Studies have suggested that WRKY gene serve as pivotal regulatory foundations in plant growth and development (Wang et al., 2023a). AtWRKY1 and AtWRKY75 were reported to be involved in leaf senescence in Arabidopsis, and AtWRKY46, AtWRKY54 and AtWRKY70 facilitates hypocotyl elongation through the brassinosteroid-mediated signaling pathway (Chen et al., 2017; Zhang et al., 2021, 2024).

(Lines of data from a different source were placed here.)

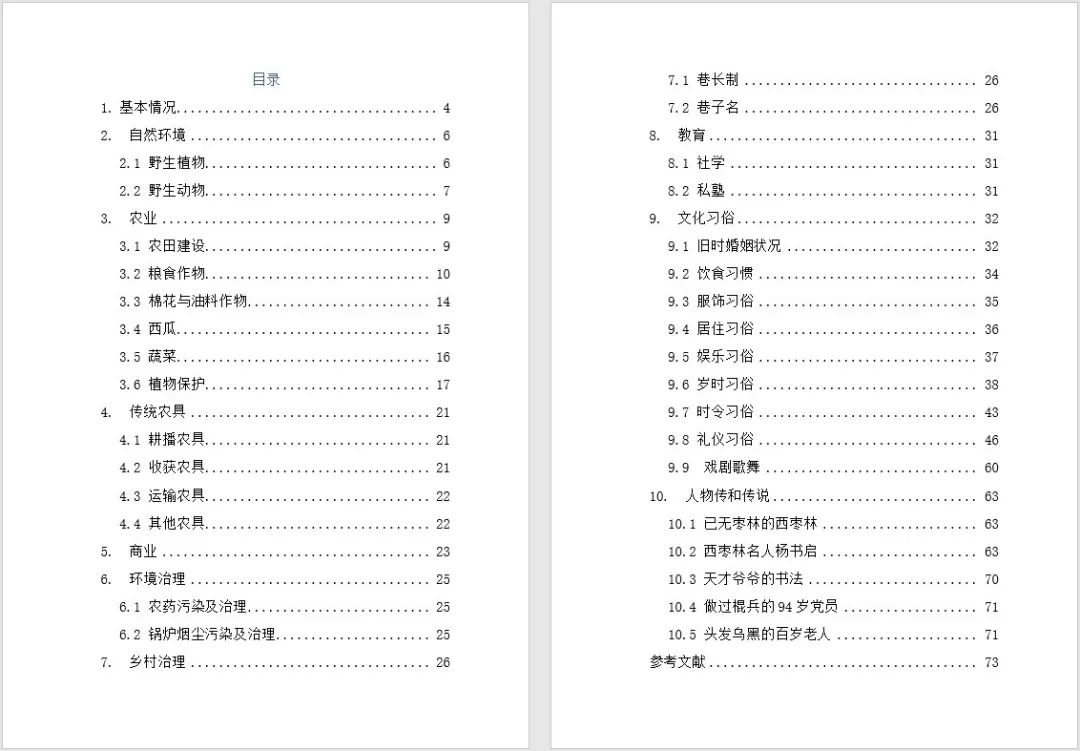 《西枣林村村史村志》参考了《大兴县志》,完成包括村庄基本情况、自然环境、农业、传统农具、商业、环境治理、乡村治理、教育、文化习俗、人物传和传说等十章内容,共计35173个字。通过编修村志,全面、系统地记载社区的历史和现状,留下一份政治、经济、文化、生活、习俗的村民、村事实录,为后人保存一份珍贵历史资料,其“存史”价值随时代推进将会显现。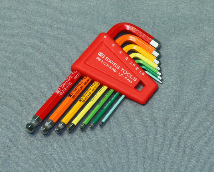 6件套装原装进口瑞士PB彩色1.5-5mm球头内六角扳手PB 212.H-5 RB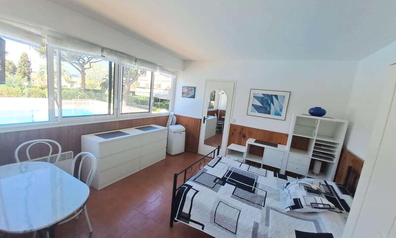 L'entrée donne sur la pièce de vie équipée de grandes baies vitrées qui s'ouvrent face à la piscine. Une kitchenette équipée est attenante.
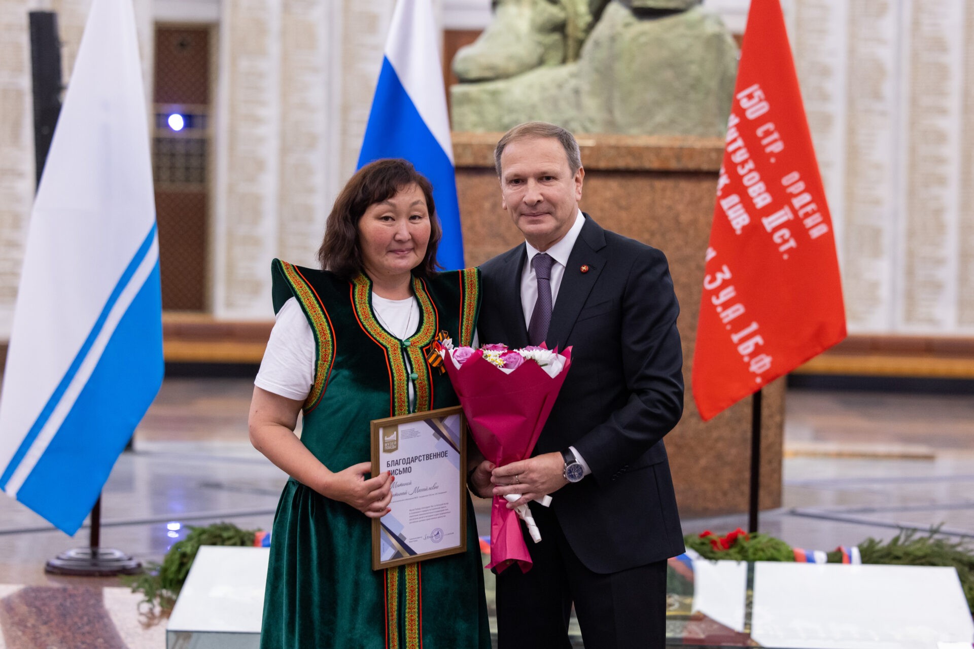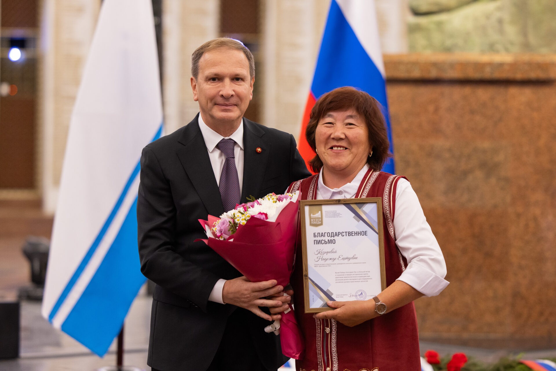 Во время официальной церемонии Дня Алтая в Музее Победы генеральный директор Музея Победы Александр Школьник вручил благодарственные письма сотрудникам школьных музеев Республики Алтай.

In strawberry, FvWRKY50 was involved in regulating flowering time, leaf senescence, and fruit ripening (Chen et al., 2023b). MaWRKY49 positively acted as a modulator of fruit ripening in Musa acuminata by activating the MaPL3 and MaPL11 expression (Liu et al., 2023). GmWRKY46 was negatively regulated the proliferation, elongation and phosphorus absorption efficiency of hairy roots during phosphorus deficiency conditions in soybean (Liu et al., 2022). Furthermore, it has been reported that WRKY genes play an important regulatory roles in the biosynthesis of secondary metabolite, such as terpenoids, alkaloids, and phenolic compounds (Li et al., 2025). LcWRKY17 positively promotes monoterpene synthesis by regulating the LcTPS42 genes expression within Litsea cubeba (Gao et al., 2023). CcWRKY7, CcWRKY29 and CcWRKY32 activate the promoter of protoberberine biosynthetic gene CcCNMT to regulate protoberberine alkaloid biosynthesis in Coptis chinensis, respectively (Huang et al., 2023). In Salvia miltiorrhiza, SmWRKY34 negatively regulates phenolic acid and tanshinone biosynthesis by targeting SmRAS and SmGGPPS genes, respectively (Shi et al., 2022).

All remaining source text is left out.